Our other deep well pools might have been prepared differently, because the deep well pool at the Sports Core is covered and the deep well pool at the Swim and Racquet Club is elevated, so they might not have been similarly topped off in preparation of the storm.
BG: Why not scale back overall operations rather than propose the additional $10 fee increase?
BT: We have operated for several years with little to no increase in revenues by not proposing any new capital expenditures. We have held employee payroll increases to a minimum and have avoided adding employees. The increase proposal this year would allow us to make sure we were whole with the expenditures already in progress before reassessing where we are going forward.
BG: Part of the budget discussion included a question about why employees are not being asked to contribute to the healthcare plan. What is your answer to that?
BT:    Employee healthcare contributions fall under scrutiny every year. Often what is misunderstood is the amount of time and energy we already spend evaluating existing healthcare plans and comparing ours to other plans for cost effectiveness purposes. We examine multiple other plans, strategies, and employers. We migrated from our previous carrier last year to one that now requires more administrative procedures from our employees. But nationwide healthcare costs are still sky rocketing. OP has 56 employees in its healthcare plan and we have a well-designed plan that has helped us keep our costs down.
BG: Will the Affordable Care Act affect your plan? If so, how?
BT: We are looking closely at the issue and have conducted several reviews of it over the past six months. There are still question marks, such as whether a state-run exchange is an option, how will the new law impact us when it is fully implemented, and how will the federal government respond to various state actions. We are watching and working closely with our carriers. Meetings are planned for October. So, as the year unfolds, we will continue to evaluate our position to see how to manage. (i.e. will work-hours have to be limited, what should be the extent of coverage; whether it would be better to choose to use the exchange, and what are the penalty rules.)
BG: Why is Ocean Pines paying for operational losses from its reserves?
BT: Typically, we would not; it would constitute a bad business practice. But we have been making significant capital investments with a focus on creating profitability. We are in a unique situation because the amenities we offer are for general use, which would typically be subsidized, but in our case they are designed to operate like a business, which would be expected to be self-sufficient. We must blend the two by making some tough decisions that will allow us to bring failing amenities back into profitability or at least to break-even status.
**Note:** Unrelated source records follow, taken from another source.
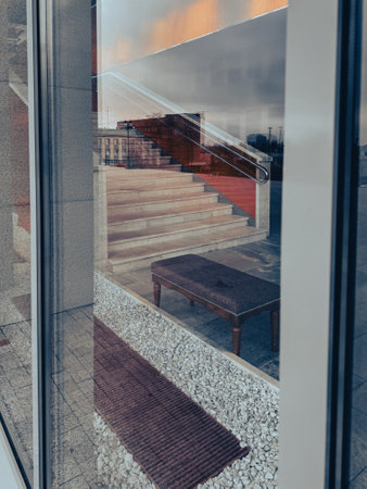 Window reflection of beautiful cloudy sky at sunset.
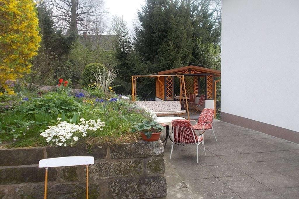 Smuk ferielejlighed i Tyskland (Elbsandsteingebirge): Her er plads til op til fire gæster på 60 kvadratmeter med terrasse og pool samt gratis Wi-Fi. Indkvarteringen tilbyder en rummelig stue og to separate soveværelser. Badeværelset har hjørnebadekar.
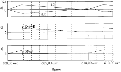 Рис. 4 Результаты моделирования: а) токи через дроссели; б) ток через внутренний диод синхронного выпрямителя М4; в) ток через внутренний диод синхронного выпрямителя М3
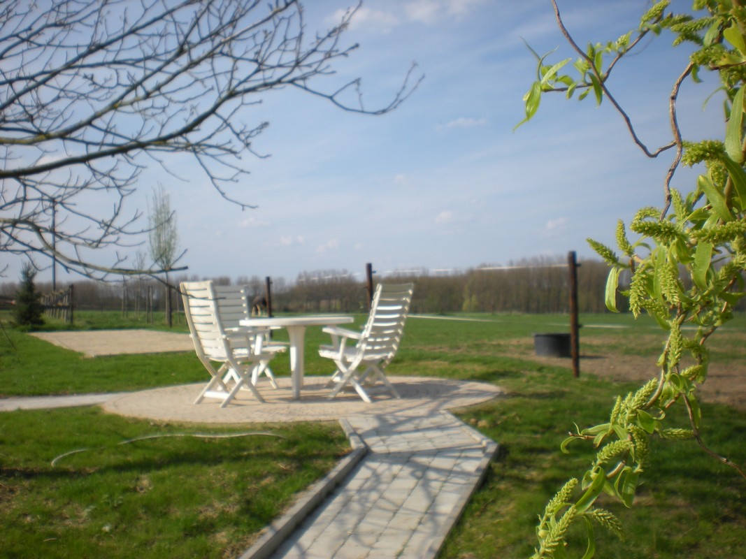 A l'arrire de la ferme, une terrasse avec une trs belle vue sur les bois vous offre un terrain de pétanque et un BBQ.
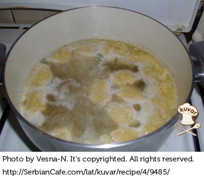 Kašičicu zagrejati i navlažiti u toploj supi, vaditi smesu istom i stavljati u supu.

BG: And what are your assessments of the situation during the transition?
BT: Optimistic. For example, with the Yacht Club we have already taken appropriate steps forward and have started to see a turn in increased efficiency. Food and labor costs have begun improving under the new manager. With the new facility we should see more increases by next year.
For the Golf Club, with the investments that were made over the last 18 months we will have a clearer understanding where we stand by the end of the year. There are still feature elements that are needed, but the signature investment is in the product, which the management company should help us turn around. If that continues to fall short of expectations after the needed investment options have been pursued, all options should be on the table.
On the pools, we have made a lot of strides and are seeing a lot of improvements.
People tend to forget that we have had years of operating deficits in our amenities. We are making huge investment strides and it will take a little time to reap the benefits from them.
Long-term and lasting improvements start incrementally. I absolutely believe that we are working in the right direction.